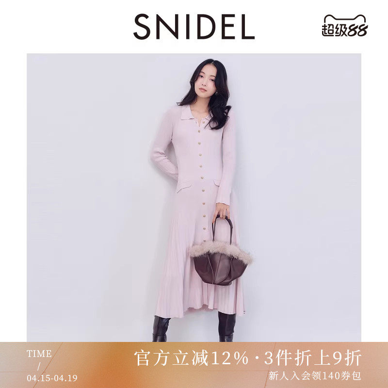 SNIDEL2025秋冬新品时尚翻领单排扣长袖收腰针织连衣裙SWNO255047
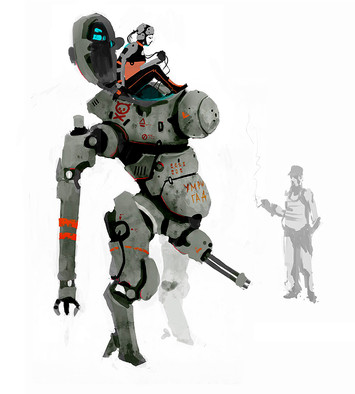 cool to see you drawing robots and stuff again. does the robot have a set of mechanical genitalia so it can masturbate while it watches?
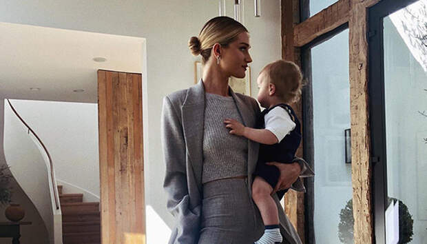 Роузи Хантингтон-Уайтли не ждет пока папарацци подловят ее стильный выход на улице. Она сама выкладывает свои образы в Instagram. Накануне супермодель выложила снимок, на котором она позирует вместе с годовалым сыном Джеком. Подпись гласит: "работающая мама". Роузи выбрала деловой стиль: серый костюм с облегающими брюками, топ в тон, белые мюли и низкий пучок.
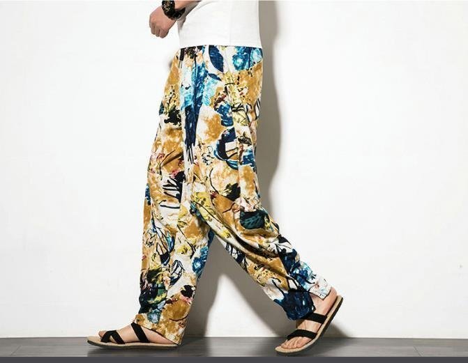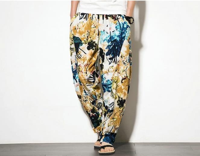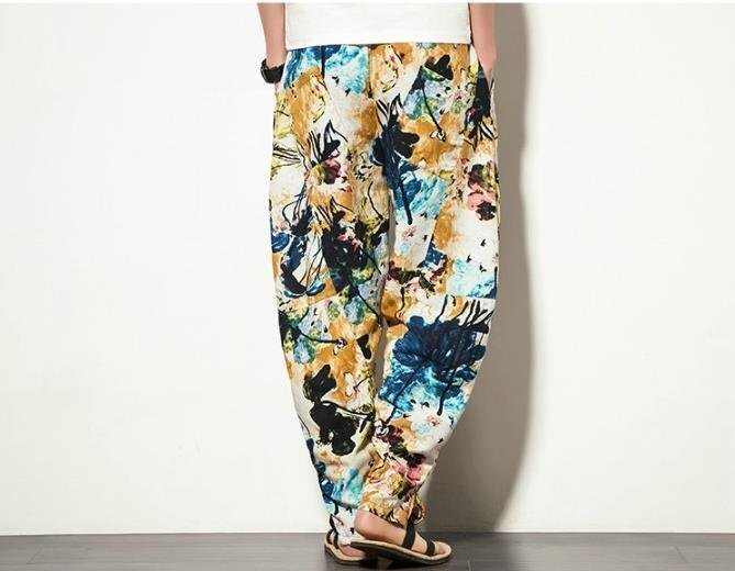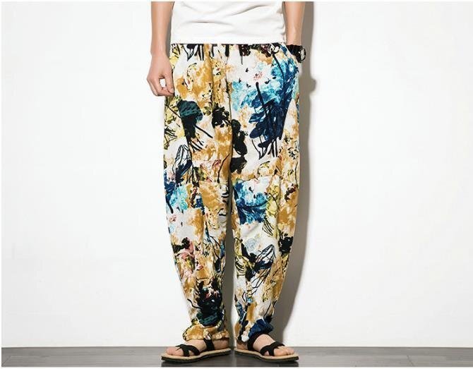LRM474★夏新品 サルエルパンツ 綿麻 ワイドパンツ リネンパンツ メンズ テーパードパンツ 花柄 チノパン ゆったり 大きいサイズ M~5XL選
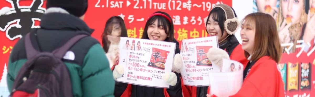 辛ラーメンや雪まつりという世界的な大きな舞台で、北海道武蔵女子大学・短期大学の学生が考え、動き、発信する。
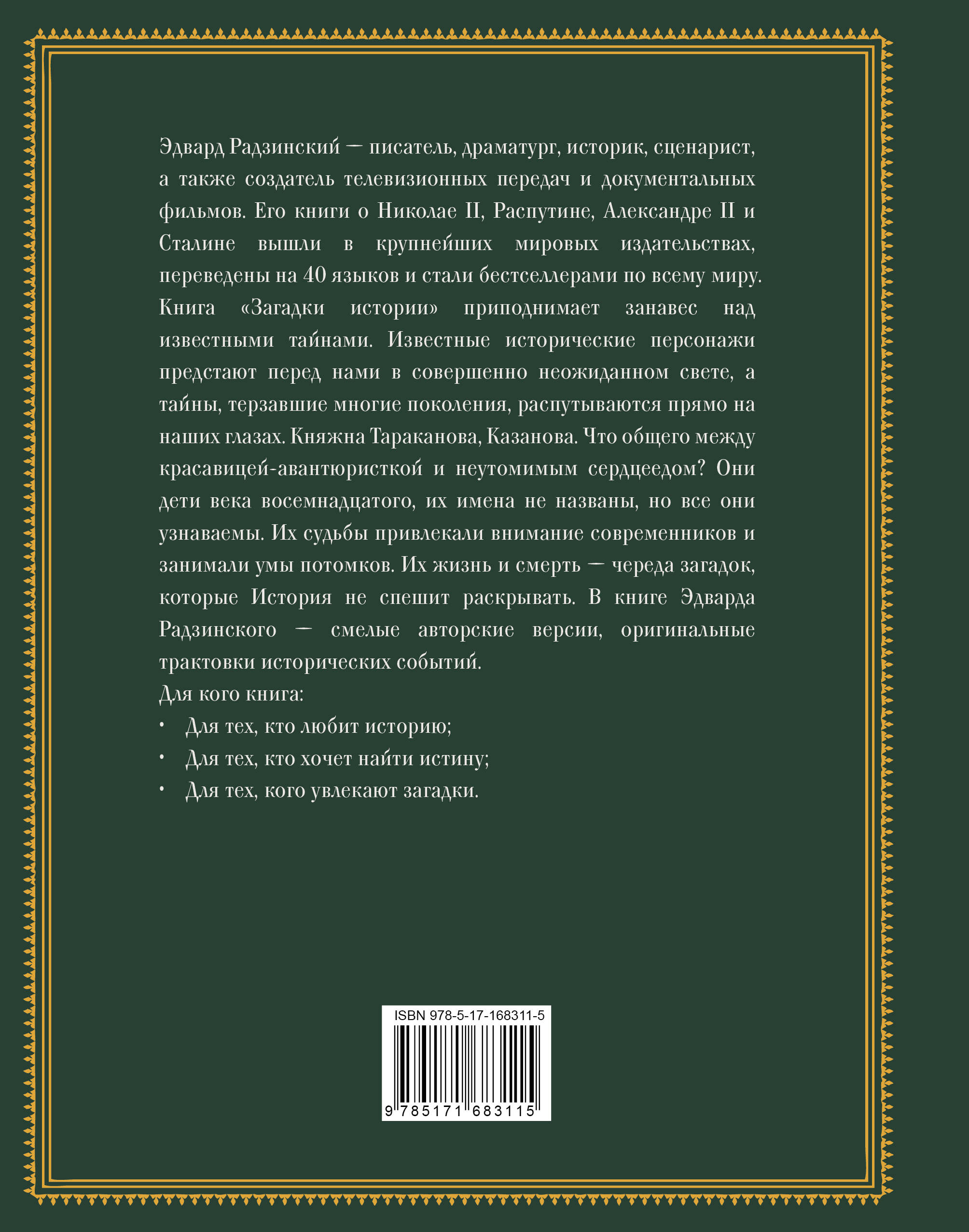 Книга "Загадки истории" приподнимает занавес над известными тайнами. Известные исторические персонажи предстают перед нами в совершенно неожиданном свете, а тайны, терзавшие многие поколения, распутываются прямо на наших глазах. Княжна Тараканова, Казанова. Что общего между красавицей-авантюристкой и неутомимым сердцеедом? Они дети века восемнадцатого, их имена не названы, но все они узнаваемы. Их судьбы привлекали внимание современников и занимали умы потомков. Их жизнь и смерть — череда загадок, которые История не спешит раскрывать. В книге Эдварда Радзинского — смелые авторские версии, оригинальные трактовки исторических событий.

• [Exercise instructions]: Exactly reproduce the lines that run from the first line of the listing above to the line containing "cool to see", including both; omit the pictures.

• [Task response]:
 SNIDEL2025秋冬新品时尚翻领单排扣长袖收腰针织连衣裙SWNO255047
 cool to see you drawing robots and stuff again. does the robot have a set of mechanical genitalia so it can masturbate while it watches?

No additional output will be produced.